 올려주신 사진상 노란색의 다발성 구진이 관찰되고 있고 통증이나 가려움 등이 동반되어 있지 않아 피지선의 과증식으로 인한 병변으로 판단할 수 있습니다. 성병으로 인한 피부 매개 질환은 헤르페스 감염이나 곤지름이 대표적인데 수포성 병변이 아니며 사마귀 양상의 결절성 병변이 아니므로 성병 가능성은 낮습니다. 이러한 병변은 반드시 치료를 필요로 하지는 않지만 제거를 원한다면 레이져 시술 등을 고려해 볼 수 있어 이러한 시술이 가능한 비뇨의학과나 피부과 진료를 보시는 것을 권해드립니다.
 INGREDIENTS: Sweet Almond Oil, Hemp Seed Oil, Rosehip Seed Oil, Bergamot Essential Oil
...
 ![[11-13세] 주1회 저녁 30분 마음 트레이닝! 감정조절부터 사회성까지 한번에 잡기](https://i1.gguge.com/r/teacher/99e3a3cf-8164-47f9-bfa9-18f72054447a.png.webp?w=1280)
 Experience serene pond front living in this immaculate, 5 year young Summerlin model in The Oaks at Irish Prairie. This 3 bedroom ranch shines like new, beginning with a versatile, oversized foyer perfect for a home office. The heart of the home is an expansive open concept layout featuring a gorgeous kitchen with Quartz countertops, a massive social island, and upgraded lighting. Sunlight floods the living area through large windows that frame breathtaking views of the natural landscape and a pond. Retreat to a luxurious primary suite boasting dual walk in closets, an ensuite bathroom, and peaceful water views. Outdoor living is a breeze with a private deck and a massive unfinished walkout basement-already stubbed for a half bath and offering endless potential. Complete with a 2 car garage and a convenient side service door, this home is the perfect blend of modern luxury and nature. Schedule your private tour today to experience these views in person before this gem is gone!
--
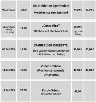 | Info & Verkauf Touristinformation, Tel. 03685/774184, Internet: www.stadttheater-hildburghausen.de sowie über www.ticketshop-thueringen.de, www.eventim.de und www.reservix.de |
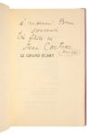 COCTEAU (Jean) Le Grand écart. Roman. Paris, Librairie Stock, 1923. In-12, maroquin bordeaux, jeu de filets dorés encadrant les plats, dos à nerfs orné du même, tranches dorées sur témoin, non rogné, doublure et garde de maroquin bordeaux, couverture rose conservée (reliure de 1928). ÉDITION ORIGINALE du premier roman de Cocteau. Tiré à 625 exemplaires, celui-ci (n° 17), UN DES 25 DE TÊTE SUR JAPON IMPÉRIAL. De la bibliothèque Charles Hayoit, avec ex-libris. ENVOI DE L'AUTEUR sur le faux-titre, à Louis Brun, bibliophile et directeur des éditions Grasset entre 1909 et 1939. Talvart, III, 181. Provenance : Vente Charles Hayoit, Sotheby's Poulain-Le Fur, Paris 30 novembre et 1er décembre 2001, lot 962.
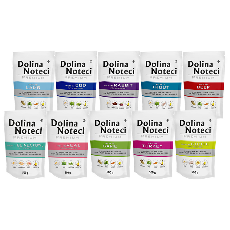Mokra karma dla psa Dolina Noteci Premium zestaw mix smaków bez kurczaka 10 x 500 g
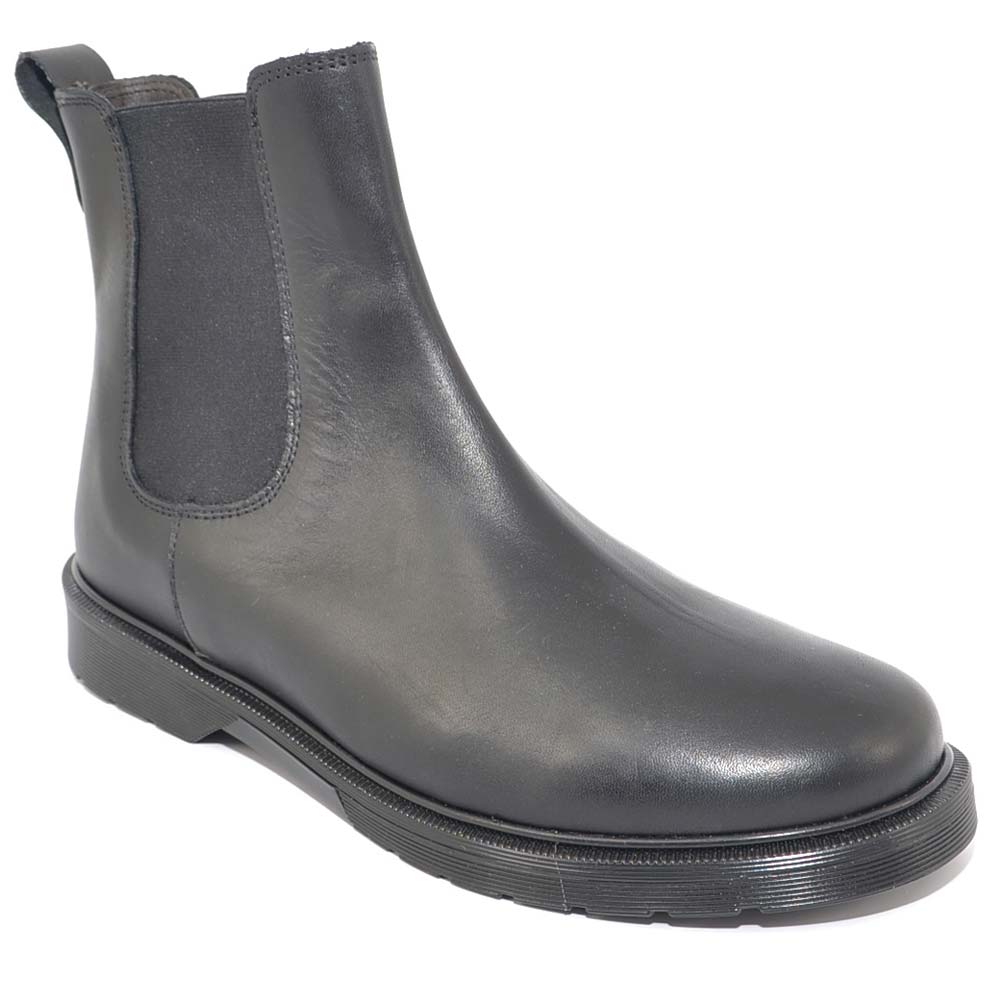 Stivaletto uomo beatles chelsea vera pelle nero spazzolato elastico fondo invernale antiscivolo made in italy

→ **WORK INSTRUCTION**
Given the entries above, transcribe exactly the lines from the one holding "COCTEAU (Jean) Le" through the one holding "Stivaletto uomo beatles"; pictures do not belong in the transcription.

→ **SOLUTION**
 COCTEAU (Jean) Le Grand écart. Roman. Paris, Librairie Stock, 1923. In-12, maroquin bordeaux, jeu de filets dorés encadrant les plats, dos à nerfs orné du même, tranches dorées sur témoin, non rogné, doublure et garde de maroquin bordeaux, couverture rose conservée (reliure de 1928). ÉDITION ORIGINALE du premier roman de Cocteau. Tiré à 625 exemplaires, celui-ci (n° 17), UN DES 25 DE TÊTE SUR JAPON IMPÉRIAL. De la bibliothèque Charles Hayoit, avec ex-libris. ENVOI DE L'AUTEUR sur le faux-titre, à Louis Brun, bibliophile et directeur des éditions Grasset entre 1909 et 1939. Talvart, III, 181. Provenance : Vente Charles Hayoit, Sotheby's Poulain-Le Fur, Paris 30 novembre et 1er décembre 2001, lot 962.
Mokra karma dla psa Dolina Noteci Premium zestaw mix smaków bez kurczaka 10 x 500 g
 Stivaletto uomo beatles chelsea vera pelle nero spazzolato elastico fondo invernale antiscivolo made in italy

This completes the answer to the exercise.